[TASK DESCRIPTION]
Would you return exactly the lines below from the line with "男骑士PK女骑士是一款适合二" through the line with "年末年始は、各ごみ処理施設が", both included, and nothing else, leaving out the pictures?
---- DATA PROVIDED
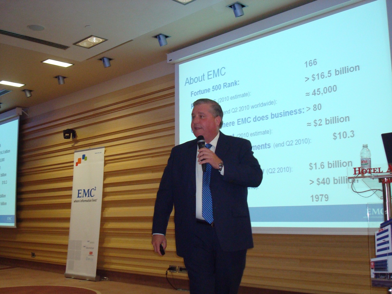 Tvrtka EMC, jedan od vodećih svjetskih pružatelja rješenja u segmentu računalne infrastrukture, održala je u hotelu Antunović svoju prvu službenu konferenciju u Hrvatskoj na kojoj se okupilo više od 200 predstavnika partnerskih tvrtki, klijenata i stručnjaka za infrastrukturna IT rješenja. Nakon kraćeg uvoda EMC-ovog channel managera za regiju Srednje i istočne Europe Luke Topića, u kojem je predstavio konferenciju i lokalni ured, okupljenima se obratio Bill Raftery, potpredsjednik divizije za globalnu prodaju proizvoda u korporaciji EMC.
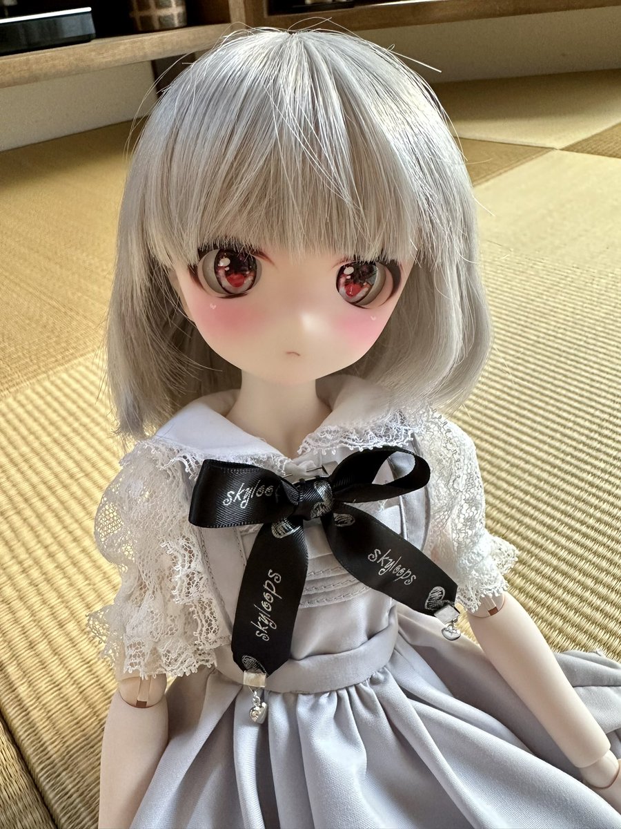 ふにゃほわ様の 「ロザリオの祈りドレス」と 「バンビーナボブウィッグ」にお着替え 愛梨が天使に💕 #ふにゃほわ服 #MDDはいいぞ #うちのこかわいい
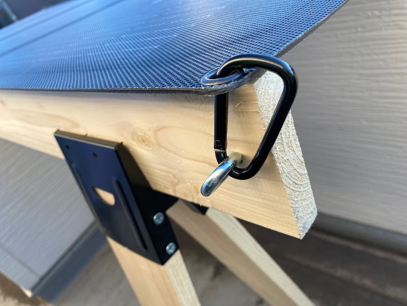 高さがある分、風の影響を受けやすくなっているので、パネルを乗せただけだとで煽られて落下してしまう可能性があり危ないので丸カンボルトで1x4の板とパネルを
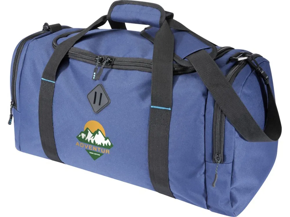 Спасайте океан по одной сумке за раз! Спортивная сумка Repreve® Ocean изготовлена из переработанного океанского пластика. Имеет большое основное отделение на молнии, два боковых кармана на молнии для обуви или аксессуаров, ручки для переноски и съемный мягкий регулируемый плечевой ремень.
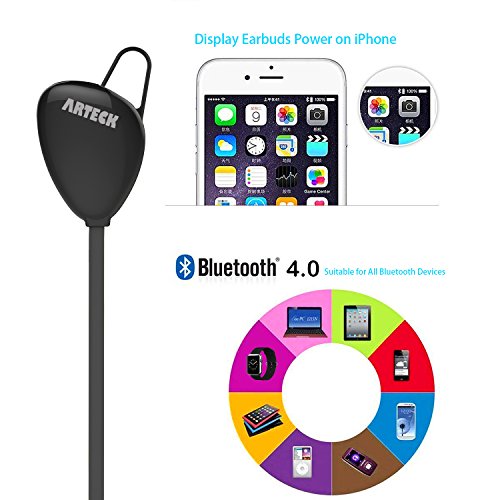 Arteck Wireless Bluetooth Headphones for Running Sports Sweat-proof Portable Earphones with Rechargeable 15 Hours Playing Battery for iPhone 7 Plus 7 SE 6 Plus 6 5 4, iPod, Android Smart Phones-Black
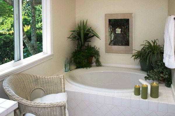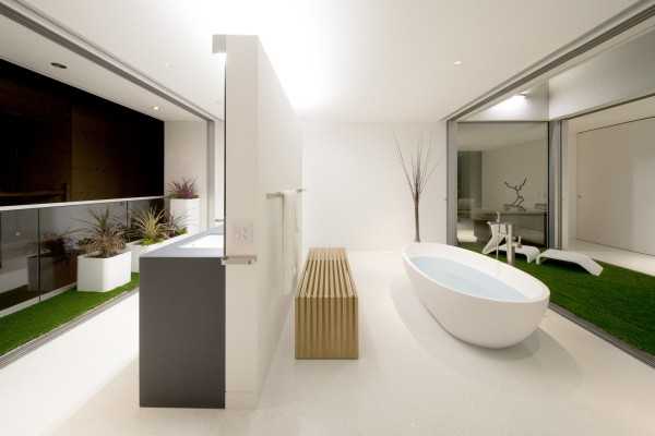 Очень частый атрибут современной экологичной ванны – живые клумбы или ковры с имитацией травы
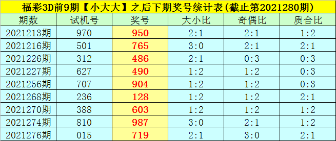 一、上期回顾:福彩3D第2021280期试机号为:200,奖号为:276,奖号类型开出组六,大小比为2:1,奇偶比为1:2,和值为15,跨度为5,012路比为1:1:1。
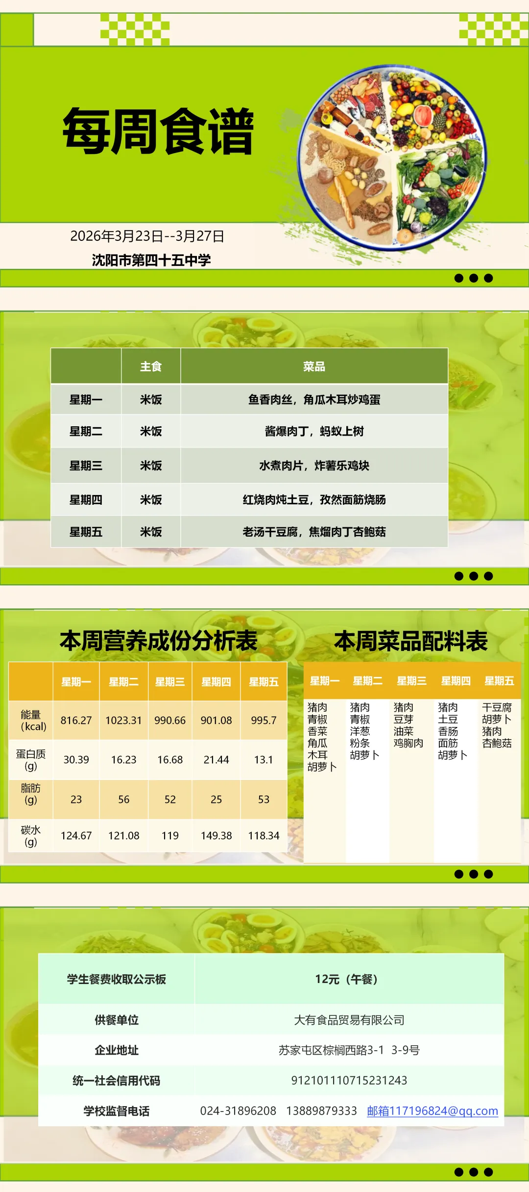 【南昌 满融】沈阳市第四十五中学2026年3月23日-3月27日食谱
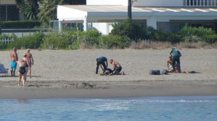 Dos policías nacionales fuera de servicio inmovilizaron en la tarde del miércoles a dos personas así como tres bultos, que parecían ser hachís, en una playa de Estepona (Málaga).
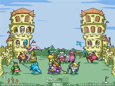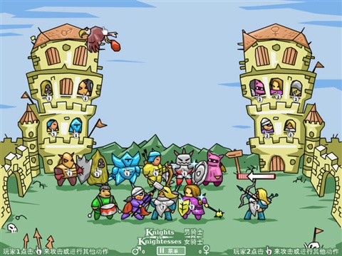 男骑士PK女骑士是一款适合二人来玩的非常有趣的战场游戏,展现实时动作。两军对战一类的小游戏,玩的时候可以进行两人同机对战,比较适合情侣之间或者说聚会的时候大家一起玩,游戏的画面感觉上给你有点复古,不过玩法上却很新鲜,就是两边分别出兵,然后对战的模式。
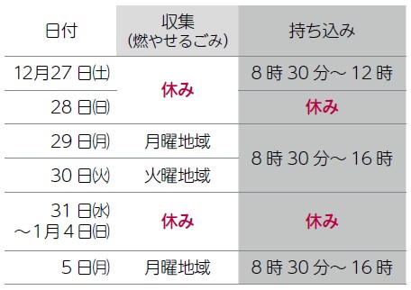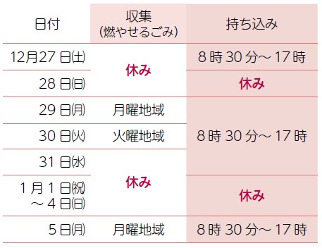 年末年始は、各ごみ処理施設が大変混雑します。事前に分別し、時間に余裕を持って持ち込んでください。粗大ごみ収集日が1月5日(月)から9日(金)の校区の人は、12月26日(金)までに申し込みをしてください。
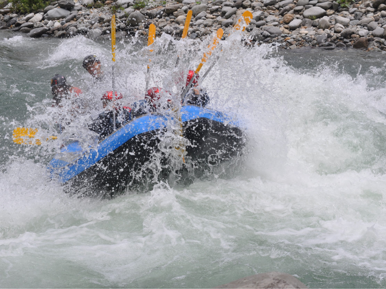 ラフティングとは8人乗りの大きなゴムボートに乗り、皆で力を合わせてパドルを漕ぎ激流を下るウォータースポーツです
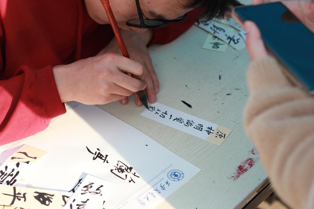 为了让同学们了解书法传统文化,更好地记录校园生活,环境与市政工程学院青年志愿者协会于10月22日于图书馆前广场成功举办“楮墨传情,寄君菲籍”书签书写活动,全校一千七百余学生参加活动。
--------
[THE ANSWER]
 男骑士PK女骑士是一款适合二人来玩的非常有趣的战场游戏,展现实时动作。两军对战一类的小游戏,玩的时候可以进行两人同机对战,比较适合情侣之间或者说聚会的时候大家一起玩,游戏的画面感觉上给你有点复古,不过玩法上却很新鲜,就是两边分别出兵,然后对战的模式。
 年末年始は、各ごみ処理施設が大変混雑します。事前に分別し、時間に余裕を持って持ち込んでください。粗大ごみ収集日が1月5日(月)から9日(金)の校区の人は、12月26日(金)までに申し込みをしてください。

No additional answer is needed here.